[Image: “Ready 4,” by Kevin Dooley. (Found at Flickr, of course, and used here under a Creative Commons license. Thank you!) The Wonderland Cinema at 402 Front Street in Niles, Michigan, seems to be still in operation — but doesn’t have the same gritty exterior. When I checked the address via Google Street View, I found a building with one blank brick wall facing a side street — and some kind of what appeared to be corrugated-metal cladding on the other three sides. The funky sign has been replaced by a neon and/or LED thing mounted on a pole on the corner.]
From whiskey river (stanzas 2-3):
Our Valley
We don’t see the ocean, not ever, but in July and August
when the worst heat seems to rise from the hard clay
of this valley, you could be walking through a fig orchard
when suddenly the wind cools and for a moment
you get a whiff of salt, and in that moment you can almost
believe something is waiting beyond the Pacheco Pass,
something massive, irrational, and so powerful even
the mountains that rise east of here have no word for it.You probably think I’m nuts saying the mountains
have no word for ocean, but if you live here
you begin to believe they know everything.

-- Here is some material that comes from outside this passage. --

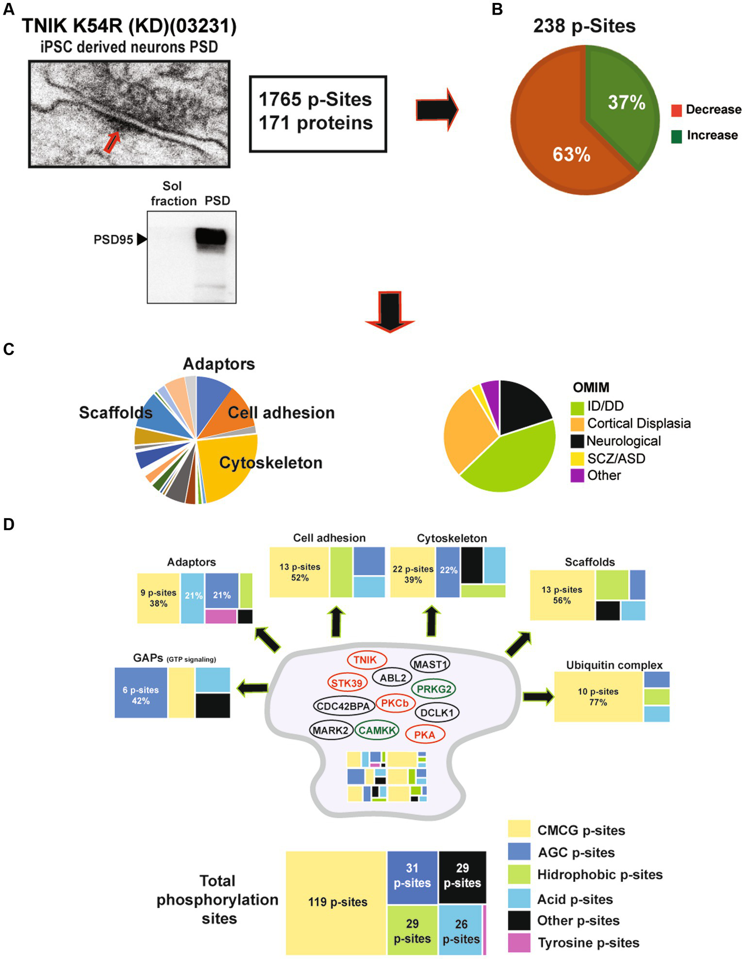 (A) Representative electron microscope picture of a synapse including the PSD region from iPSC-derived excitatory neurons. Lower panel: representative WB showing enrichment of the PSD marker PSD95 in PSD fractions when compared to soluble fractions from 21DIV iN. (B) Analysis of the phosphoproteome of TNIK K54R (KD; 03231) PSDs. Figure shows a higher percentage of dephosphorylated proteins at the PSD (63%). (C) Left pie chart shows protein function categories dysregulated by lack of TNIK protein kinase activity. Chart highlights the top four functional categories: cytoskeletal, adaptors, scaffold, and cell adhesion proteins. Right pie chart shows dysregulated proteins corresponding to genes included in Online Mendelian Inheritance in Man (OMIM) catalog with Mendelian mutations. Chart shows increased numbers of intellectual disability (ID), developmental delay (DD), and cortical dysplasia mutations in components of the PSD from TNIK K54R (KD; 03231) neurons. (D) Distribution of protein kinase families predicted to phosphorylate the total number of proteins (bottom) and each functional category (individual panels). Color code shows a large dysregulation of CMCG family of protein kinases across different functional categories together with individual patterns for each functional category. Panels show number of dysregulated phosphorylation sites and individual percentages for most abundant categories. Cartoon of the postsynaptic site shows protein kinases dysregulated in TNIK K54R (KD; 03231) PSDs. Color code shows in red protein kinases with decreased activity and in green protein kinases with increased activity. Protein kinases with dysregulated phosphorylation sites of unknown function are shown in black.
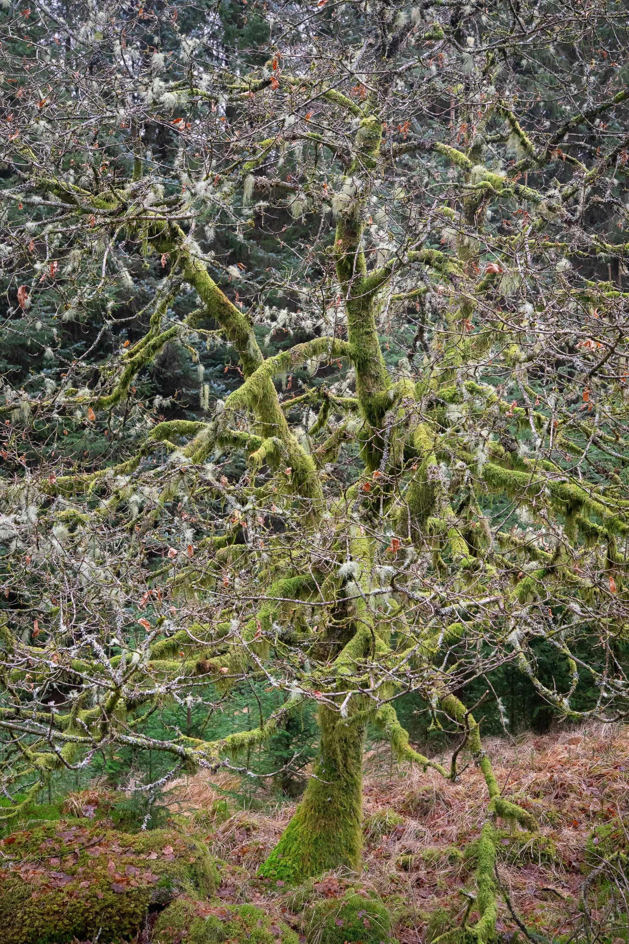 A portrait of a Highland tree wrapped in lichen and moss — textured, intricate, and rooted in place. A refined fine art Scottish Highlands print.

They maintain that huge silence we think of as divine,
a silence that grows in autumn when snow falls
slowly between the pines and the wind dies
to less than a whisper and you can barely catch
your breath because you’re thrilled and terrified.You have to remember this isn’t your land.
It belongs to no one, like the sea you once lived beside
and thought was yours. Remember the small boats
that bobbed out as the waves rode in, and the men
who carved a living from it only to find themselves
carved down to nothing. Now you say this is home,
so go ahead, worship the mountains as they dissolve in dust,
wait on the wind, catch a scent of salt, call it our life.
(Philip Levine [source])
…and:
And then a man of forty or so, with a French accent, asked, “How do you achieve the presence of mind to initiate the writing of a poem?” And something cracked open in me, and I finally stopped hoarding and told them my most useful secret. The only secret that has helped me consistently over all the years that I’ve written. I said, “Well, I’ll tell you how. I ask a simple question. I ask myself: What was the very best moment of your day?” The wonder of it was, I told them, that this one question could lift out from my life exactly what I will want to write a poem about. Something I hadn’t known was important will leap out and hover there in front of me, saying I am—I am the best moment of the day. “Often,” I went on, “it’s a moment when you’re waiting for someone, or you’re driving somewhere, or maybe you’re just walking across a parking lot and admiring the oil stains and the dribbled tar patterns. One time it was when I was driving past a certain house that was screaming with sunlitness on its white clapboards, and then I plunged through tree shadows that splashed and splayed across the windshield. I thought, Ah, of course—I’d forgotten. You, windshield shadows, you are the best moment of the day.
(Nicholson Baker [source])
Not from whiskey river:
Seasoned
Not just in the sense
of salt and pepper
but also sweat on the pillow
The smell of me
in the tweed sport coat
That combination of old
smoke and faded sunlight
Seasoned as the woodpile
the wood collapsing in on itself
the logs drying out
cell by cell becoming
light as paper crumbly
as a story I once knew
Seasoned by the seasons
The quiet nothing of snow
The urgent return of the bud
The long lazy lapping of the lake
The turning again toward
nothing seasoned as my old shoes
jumbled up in the closet
Everywhere I’ve walked
in panic and fear sometimes
shuffling along I’m hard on shoes
I wear them out in no time
making a hole like a bullet hole
in the leather sole seasoned
by weeds the burnt grass
the kids going off
so we finally take a breath
My nicotine-seasoned fingernails
something like the taste
of balsamic vinegar drizzled
on a green tomato
The wind the new kind of wind
I notice again as if for the first time
One season turning toward the next
with everything about to happen
(Tim Nolan [source])
…and:
For the most part, when we go to psychologists, we don’t discuss how divorced we feel from nature, how destructive that can be, or the tonic value of reacquainting ourselves with nature’s charms, the charms we fell in love with when we were children, when nature was a kingdom of wonder, play, self-discovery, and freedom. A special loneliness comes from exiling ourselves from nature. But even my saying that will strike many people as a a romantic affectation. After all, we are civilized now, we don’t play by nature’s rules any more, we control our own destiny, we don’t need nature, right? That attitude is so deeply ingrained in our culture that most people take it for granted, assume it’s a given, and don’t worry about nature when they consider improving the important relationships in their lives. It’s a tragic oversight.